# Pregnacare conception side effects?



## leannepookie

Hi everyone,

I'm just wondering if anyone has taken these and had symptoms of pregnancy? 

I started taking them 3 weeks ago, I'm 7 dpo today. One week til my period. I normally get sore breasts after ov and I did but for about 2 days now they have been so painful, much more than they usually are.
The bottom of my back has been aching for a few days nothing will get rid of it. 

Today I'm so tired I could fall asleep as i'm writing this. & I don't know if this is because im hoping and feeling and every movement but last week i felt so many little twiches and pangs and pains in my lower abdoman.... maybe thats in my mind tho! :dohh: lol 

So yeah, has anyone else taken these and had strange side effects? 
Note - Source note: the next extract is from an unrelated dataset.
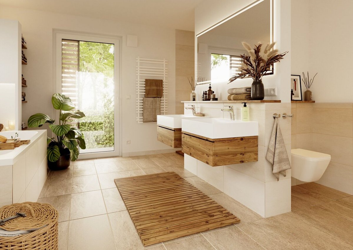 ab Preis1 €Abbildungen enthalten Sonderwünsche die nicht Vertragsbestandteil sind, regionale Preis- und Ausstattungsänderungen möglich. Schlüsselfertig im Sinne dieses Angebotes bedeutet: ohne Tapezier- und Teppichverlegearbeiten.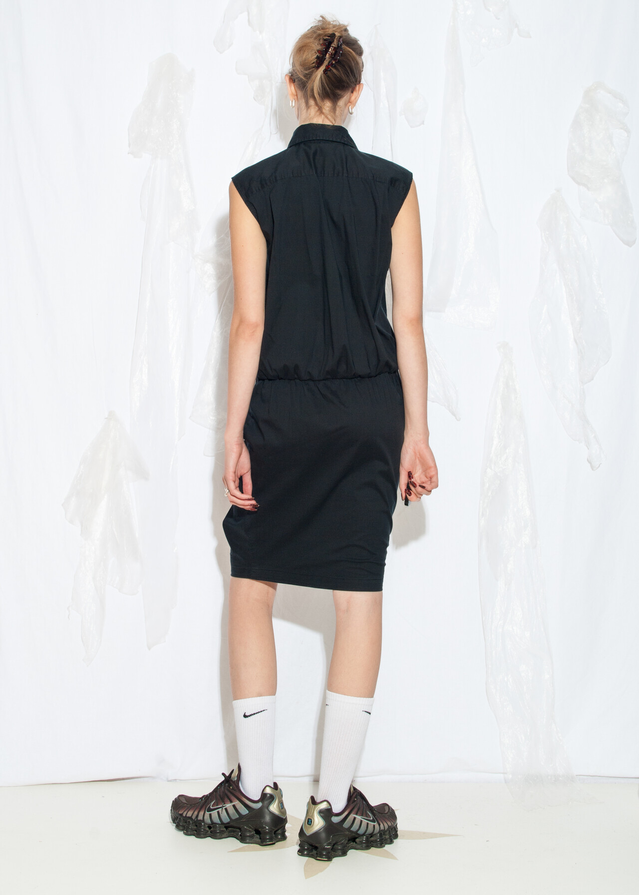 Tags: 2000s style clothing, cotton dress, designer vintage, dropped waist, European vintage, made in Italy, Max Mara, midi shirt dress, minimalist, office siren, officecore, y2k vintage fashion

Any replies would be appreciated :thumbup:


----------



## MrsLotus

Hi Leannepookie,

I have been taking pregnacare conception tablets since May this year and noticed that I had very pregnancy like symptoms - I was feeling tiredness and cramps/twinges leading up to periods that convinced me I was pregnant as I don't recall having this before, but period then showed up, so perhaps it is side effects from these tablets? 

Hope that helps.


----------



## leannepookie

Yes thanks for your reply, are you still like this leading up to periods or has it settled?


----------



## MrsLotus

Nope still have these symptons, although not as painful as yours i.e. breasts are tender but dont hurt, and no backaches etc... so ive stopped acknowledging any 'signs' now to avoid getting any hopes up and stop my mind playing tricks on me!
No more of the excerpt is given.